01. Chosen for God’s best: Chosing to obey

Daughters of Sarah Bible Study session 1 (1 Peter 3:1,1:1-5).

We are chosen for provision, protection, obedience, and forgiveness when we choose to follow Christ. As wives, are we willing to obey what God shows us regarding submission?

Chosen for Provision and Protection

Christ chose to submit to God and death on the cross. This is explained in 1 Peter 2, and we are chosen to follow his example, to submit “in the same way” Christ did: “Wives, in the same way be submissive to your husbands…” (1 Peter 3:1) By following Christ’s example, we receive God’s provision and protection.

As wives, most of us have convinced ourselves that this Scripture does not apply in our own circumstances. It can’t mean we are to submit to our husbands if their decisions are not in line with what we understand God’s will to be. Yet upon closer examination we realize this passage was written especially for us when our husbands are not Christians or fail to make decisions in line with what we understand to be God’s direction. Read the rest of the verse:

“Wives, in the same way be submissive to your husbands so that, if any of them do not believe the word, they may be won over without words by the behavior of their wives,” (3:1).

Do you have the courage to look into what God is saying? If so, be prepared to make some changes. 1 Peter 3:1 is a key verse for us. To understand what God means by, “In the same way,” we must start at the beginning:

“Peter, an apostle of Jesus Christ, To God’s elect, strangers in the world, scattered throughout Pontus, Galatia, Cappadocia, Asia and Bithynia, who have been chosen according to the foreknowledge of God the Father, through the sanctifying work of the Spirit, for obedience to Jesus Christ and sprinkling by his blood: Grace and peace be yours in abundance” (1:1-2)

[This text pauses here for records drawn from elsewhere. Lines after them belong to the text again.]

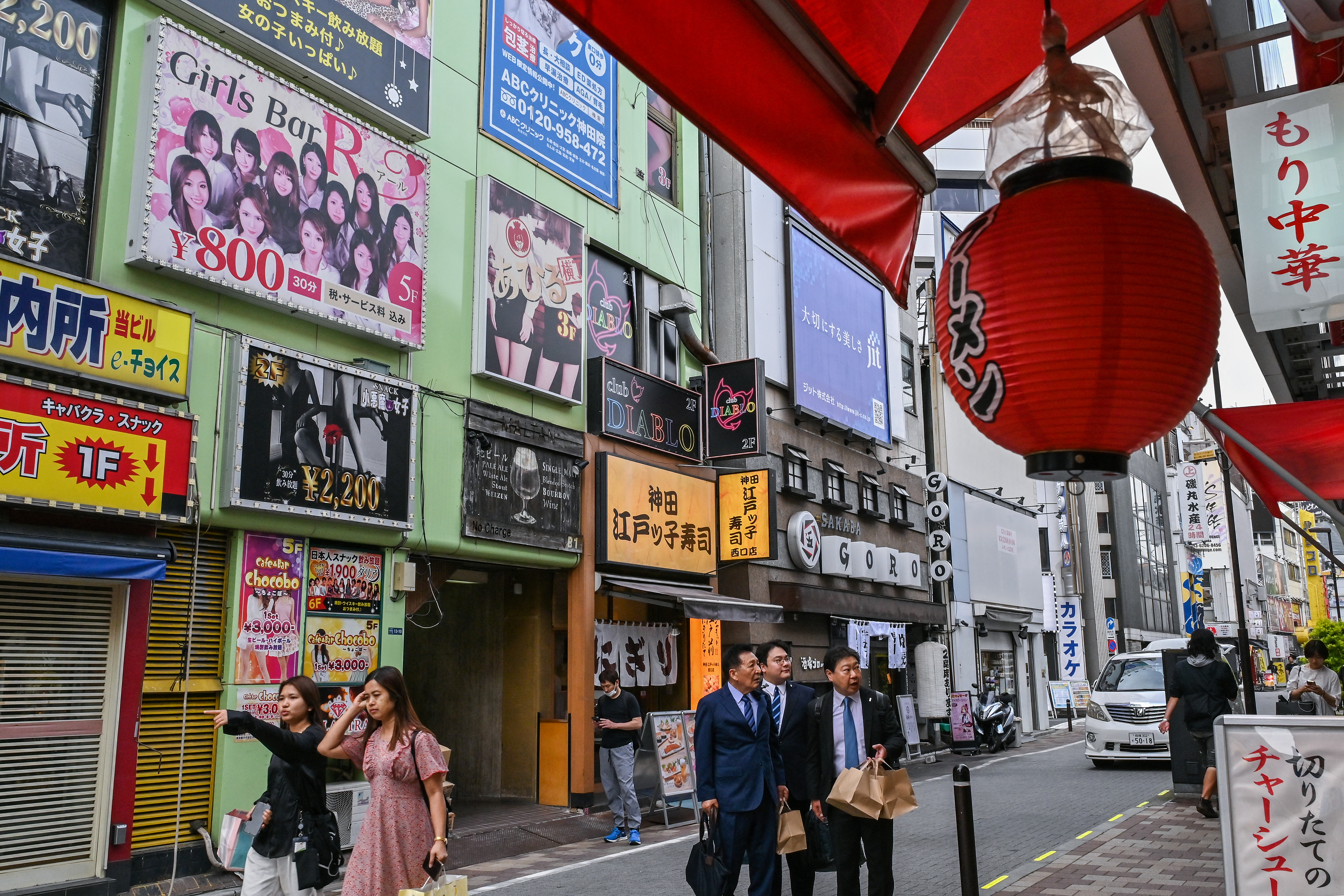 2024年5月23日,人們走過東京市中心神田(Kanda)車站外的酒吧、餐廳和娛樂場所。
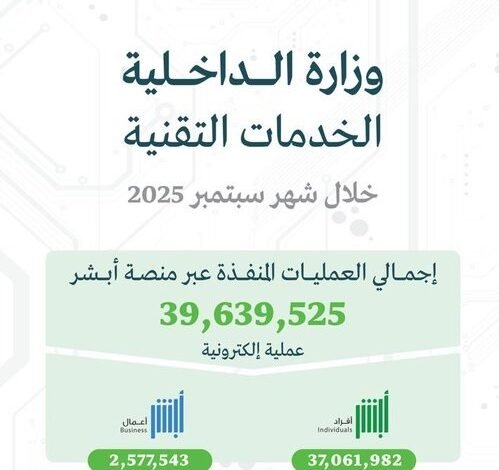 نفذت منصة وزارة الداخلية الإلكترونية “أبشر”، خلال شهر سبتمبر الماضي (39,639,525) عملية إلكترونية، للمستفيدين عبر أبشر أفراد وأعمال.
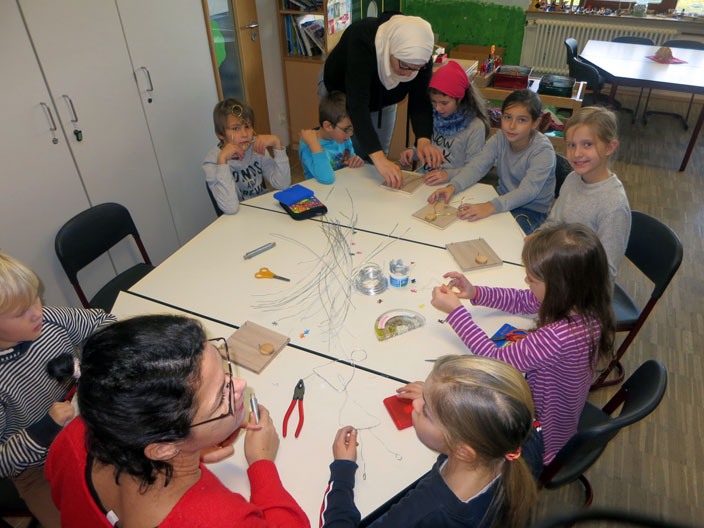 Freitag, der 29.11.19, war unser Adventsbasteltag, dieses Jahr zum Thema „Engel“. Also waren viele Eltern, Omas, Opas … gekommen, um den Kinder zu helfen, unsere Schule weihnachtlich zu schmücken. Außerdem haben sie leckeren Waffelteig mitgebracht, so dass die Kinder sich zwischendurch stärken konnten. Lecker!!!
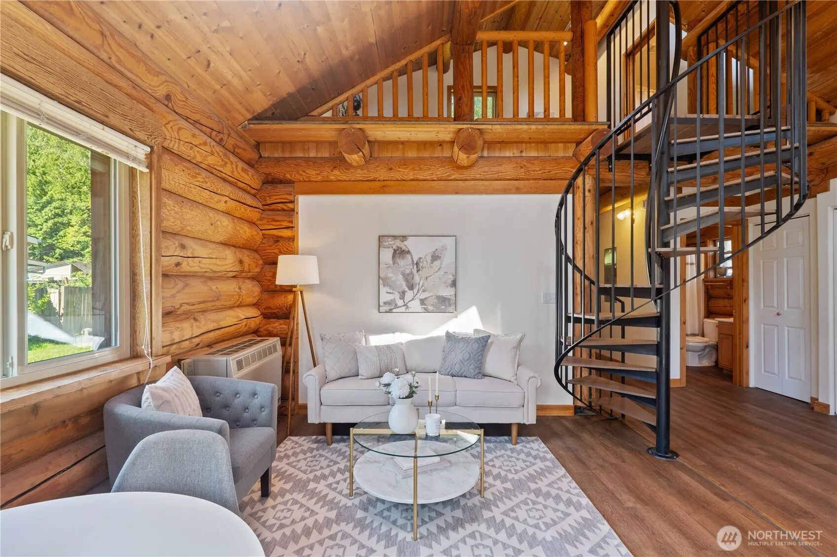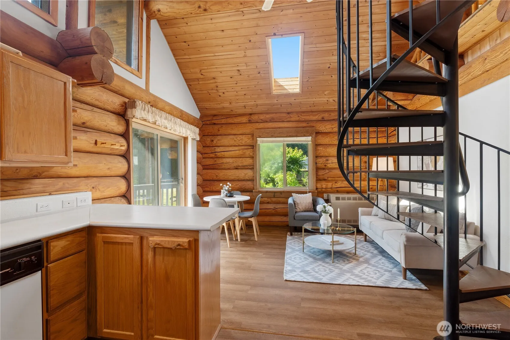 Charming log cabin retreat near Birch Bay! This one-of-a-kind home offers peace and quiet, and is only minutes from both Blaine and Birch Bay. Inside, you’ll find brand new flooring and a new water heater, adding modern comfort to this cozy home. The open layout and exposed woodwork create a timeless, cabin-in-the-woods atmosphere—perfect for weekend getaways or full-time living. The loft, accessible by a custom spiral staircase, overlooks the first floor and offers inviting additional living space. Located just steps from the community waterfront park, you’ll enjoy access to serene shoreline views and outdoor recreation. This Harbor Drive home is a hidden gem tucked away between Blaine and Birch Bay!
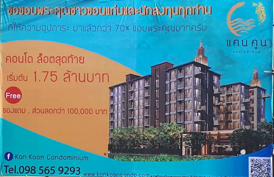 โครงการ KanKoon condominium ขอขอบพระคุณชาวขอนแก่นและนักลงทุนทุกท่าน ที่ให้ความอุปการะ มาแล้วกว่า 70%
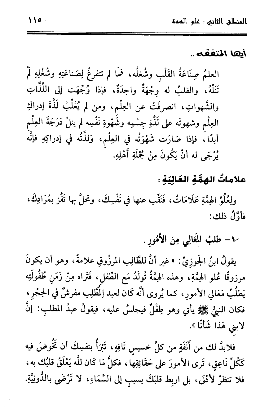 يقول ابن الجوزي: " غير أنَّ للطالب المرزوق علامة، وهو أن يكون مرزوقاً علو الهمة، وهذه الهمة تولد مع الطفل، فتراه من زمن طفولته يطلب معالي الأمور، كما يروى أنه كان لعبد المطلب مفرش في الحِجر، فكان النَّبي صلى الله عليه وسلم يأتي وهو طفل فيجلس عليه، فيقول عبد المطلب: إن لابني هذا شأناً.
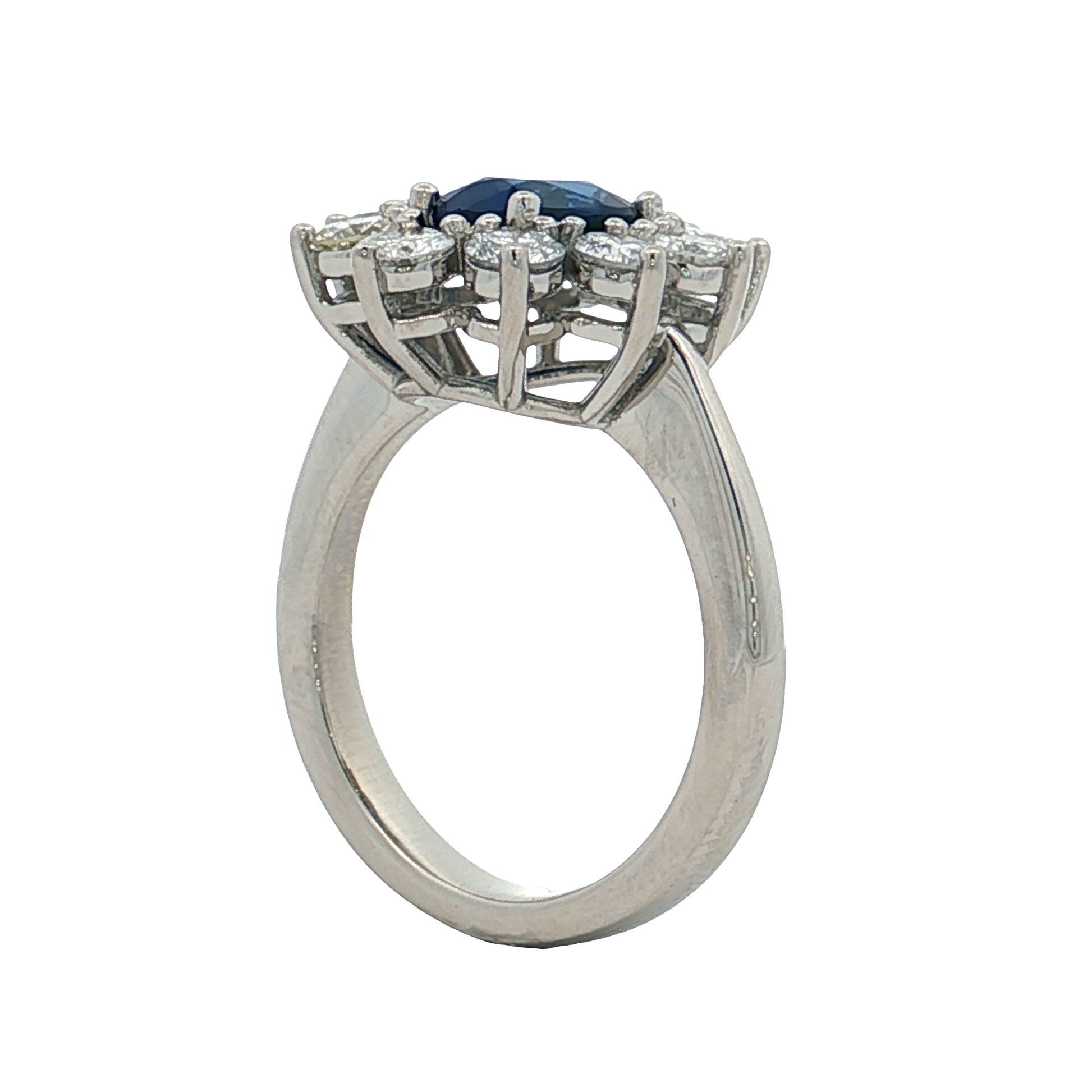 1.39 Oval Blue Sapphire and Diamond Halo Ring in Platinum
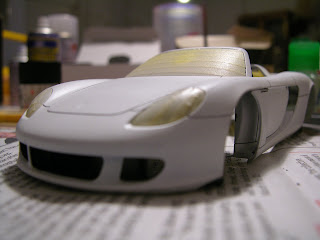 Well, it's been sometime since I wrote in here. Almost forgot I had a blog running. It has also been sometime since I built anything. This car below is officially my first model of 2009. You may not be familiar with the shape but it's a Porsche Carrera GT. A friend of mine simply adores the car. She was with me when I got the model. She thinks i got it and am building it just to spite her. Little does she know that when it's done, I'm giving it to her. I'm not particularly a fan of white, I find it a very challenging colour to paint. But since she likes it, why not. Just put some extra effort into it. Below you'll see that the two main sub assemblies are done. Just need to put the gloss coat onto the body, put it together and i'm done.
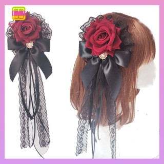 DIACHAVN Kẹp Tóc Hóa Trang Hình Nơ Phối Ren Hoa Hồng Dễ Thương
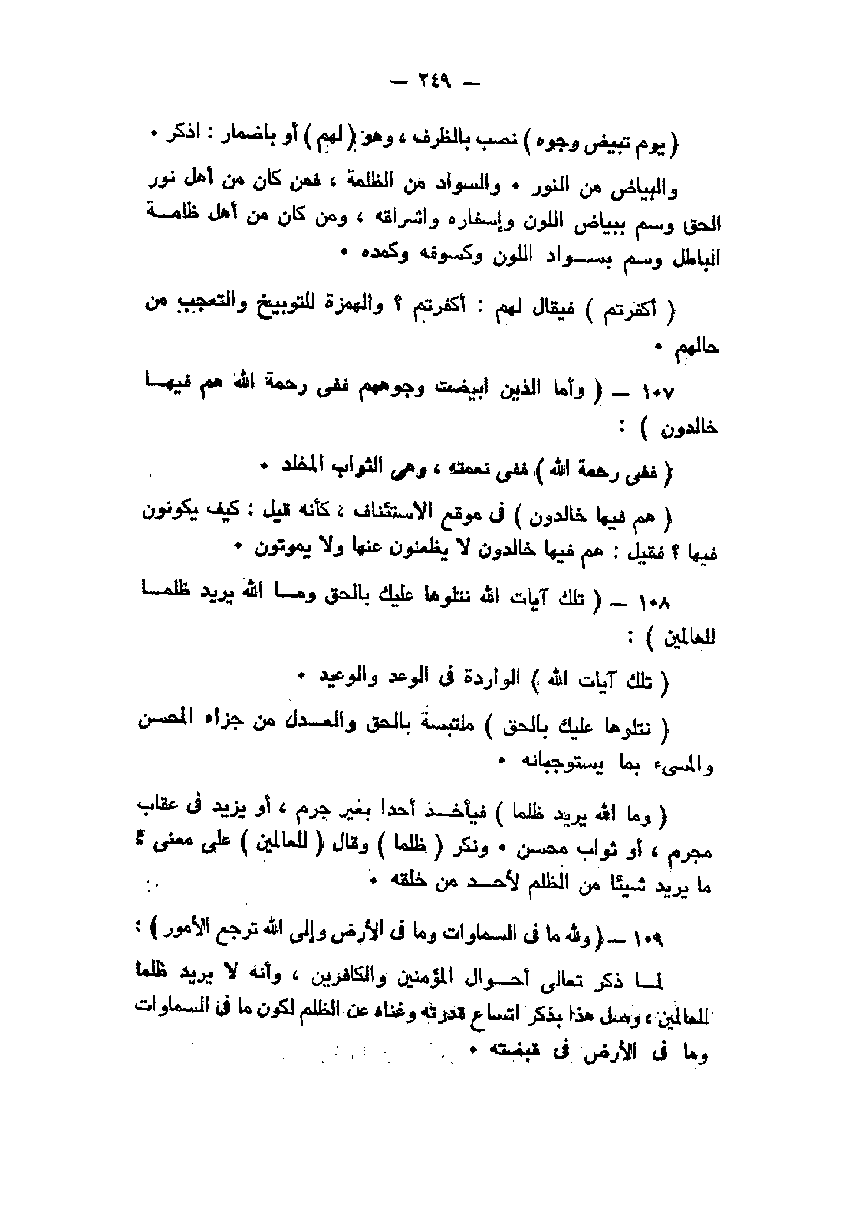 وَأَمَّا الَّذِينَ ابْيَضَّتْ وُجُوهُهُمْ فَفِي رَحْمَتِ اللَّهِ هُمْ فِيها خالِدُونَ (107) تِلْكَ آياتُ اللَّهِ نَتْلُوها عَلَيْكَ بِالْحَقِّ وَمَا اللَّهُ يُرِيدُ ظُلْماً لِلْعالَمِينَ (108) وَلِلَّهِ ما فِي السَّماواتِ وَما فِي الْأَرْضِ وَإِلَى اللَّهِ تُرْجَعُ الْأُمُورُ (109)

This Scripture is written to those who have accepted Christ as Savior and Lord and thus have become part of God’s elect. He has elected those who accept his Son for special blessing, provision, protection, and honor.

Notice first that we have been “chosen.” From the beginning, the God who had all foreknowledge of the situations we would face in our marriages today chose you and me!.

Chosen for Obedience

What are we chosen for? First we are chosen for obedience. Because we are chosen, we are immediately faced with a choice. Our choice is: “Will I choose to be obedient or disobedient to God’s choices for me?” In the context of being a wife, and the question of submission to our husbands, am I willing to obey what God shows me? That is the only question that matters.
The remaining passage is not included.